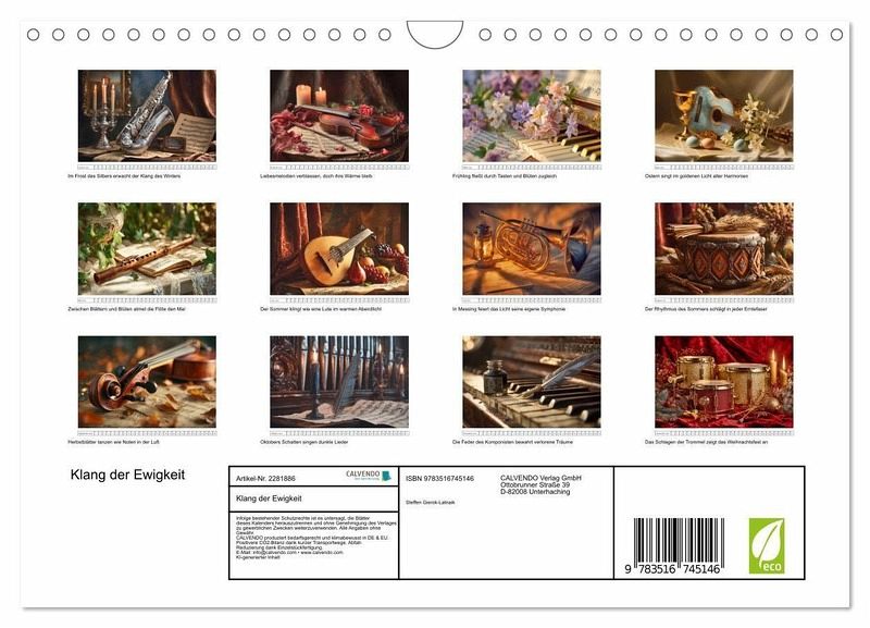 Hier verschmelzen Klang und Kunst zu einer visuellen Symphonie. Dieser Kalender zelebriert die Schönheit barocker Musik in emotionalen Stillleben - elegant, dramatisch, beeindruckend. Perfekt für alle, die Musik nicht nur hören, sondern fühlen. Alle hier gezeigten Bilder wurden mit Sorgfalt, Liebe und mit Hilfe einer KI generiert. Abschließend werden sie mit Bildbearbeitungsprogrammen überarbeitet und in den Kalender eingefügt.
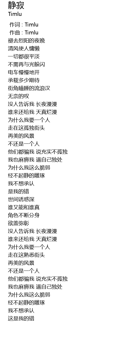 | [01:41.434] | 我也麻痹我 逼自己独处 |
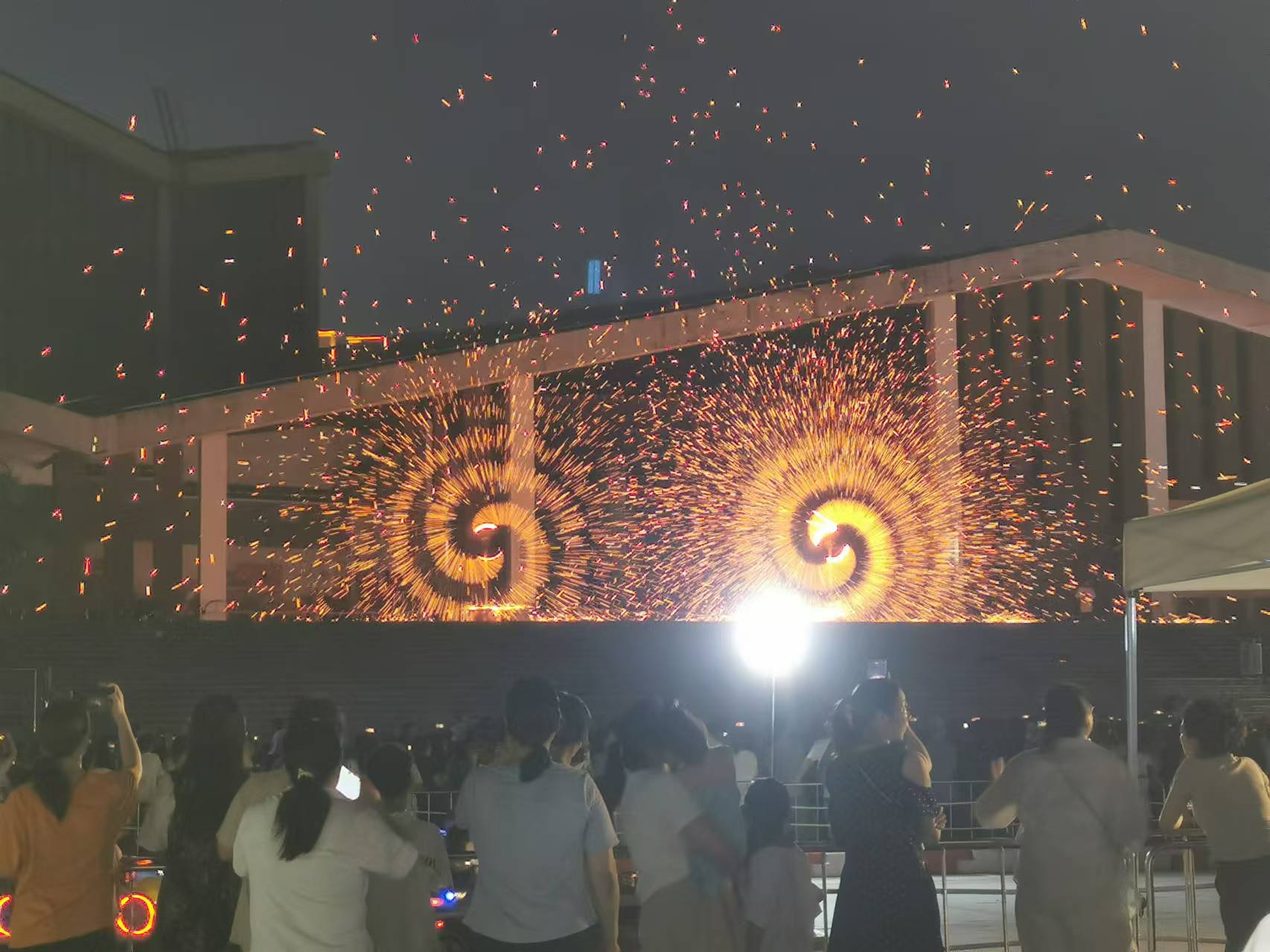 晚上7:30、8:30和9:30的非物质文化遗产项目“火壶”和两个“风火轮”表演是广大市民朋友和游客最喜欢观看的表演。当焰火点燃时,化为璀璨星光,那一抖、一敲、一洒,如星河闪烁,令现场游客和市民惊叹不已,大家纷纷掏出手机和相机记录下眼前流光溢彩的美好时刻。
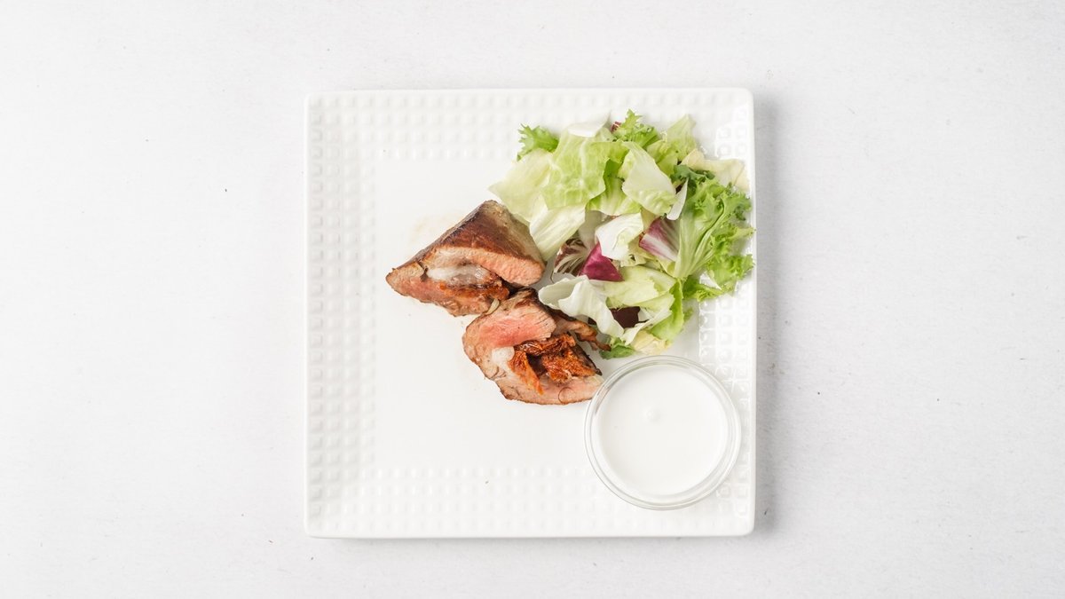 200g vepřová panenka plněná sušenými rajčaty a pancettou, česneková omáčka - 7
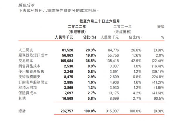 在中国有赞的销售成本中,交易成本占比最多,其次为人工开支。2022年上半年,公司交易成本为1.05亿元,同比减少22.5%;人工开支为8152.8万元,同比减少3.8%。
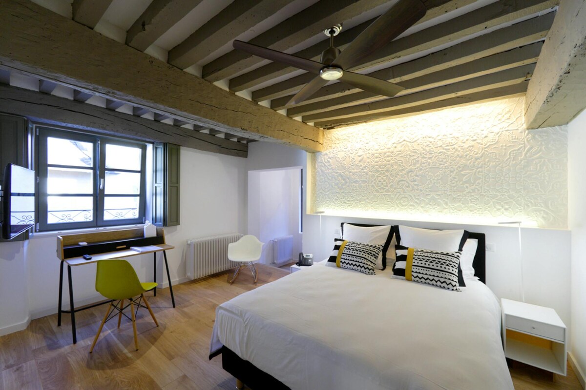 Studio room No. 4 located on the second floor in the attic by the Creuse river. It is decorated in a contemporary style and furnished with designer furniture. The floor is oak parquet. It includes a kitchenette (fully equipped with a dishwasher, oven, fridge, dishes, etc. ), a NESPRESSO machine, a storage wardrobe, a desk, a dining table, and 2 armchairs, a double bed (160 cm), and a 32-inch smart TV that also allows you to listen to the radio.

PROBLEM DETAILS
Restate the records above word for word. Skip every picture.

ANSWER
 Hier verschmelzen Klang und Kunst zu einer visuellen Symphonie. Dieser Kalender zelebriert die Schönheit barocker Musik in emotionalen Stillleben - elegant, dramatisch, beeindruckend. Perfekt für alle, die Musik nicht nur hören, sondern fühlen. Alle hier gezeigten Bilder wurden mit Sorgfalt, Liebe und mit Hilfe einer KI generiert. Abschließend werden sie mit Bildbearbeitungsprogrammen überarbeitet und in den Kalender eingefügt.
 | [01:41.434] | 我也麻痹我 逼自己独处 |
 晚上7:30、8:30和9:30的非物质文化遗产项目“火壶”和两个“风火轮”表演是广大市民朋友和游客最喜欢观看的表演。当焰火点燃时,化为璀璨星光,那一抖、一敲、一洒,如星河闪烁,令现场游客和市民惊叹不已,大家纷纷掏出手机和相机记录下眼前流光溢彩的美好时刻。
 200g vepřová panenka plněná sušenými rajčaty a pancettou, česneková omáčka - 7
 在中国有赞的销售成本中,交易成本占比最多,其次为人工开支。2022年上半年,公司交易成本为1.05亿元,同比减少22.5%;人工开支为8152.8万元,同比减少3.8%。
 Studio room No. 4 located on the second floor in the attic by the Creuse river. It is decorated in a contemporary style and furnished with designer furniture. The floor is oak parquet. It includes a kitchenette (fully equipped with a dishwasher, oven, fridge, dishes, etc. ), a NESPRESSO machine, a storage wardrobe, a desk, a dining table, and 2 armchairs, a double bed (160 cm), and a 32-inch smart TV that also allows you to listen to the radio.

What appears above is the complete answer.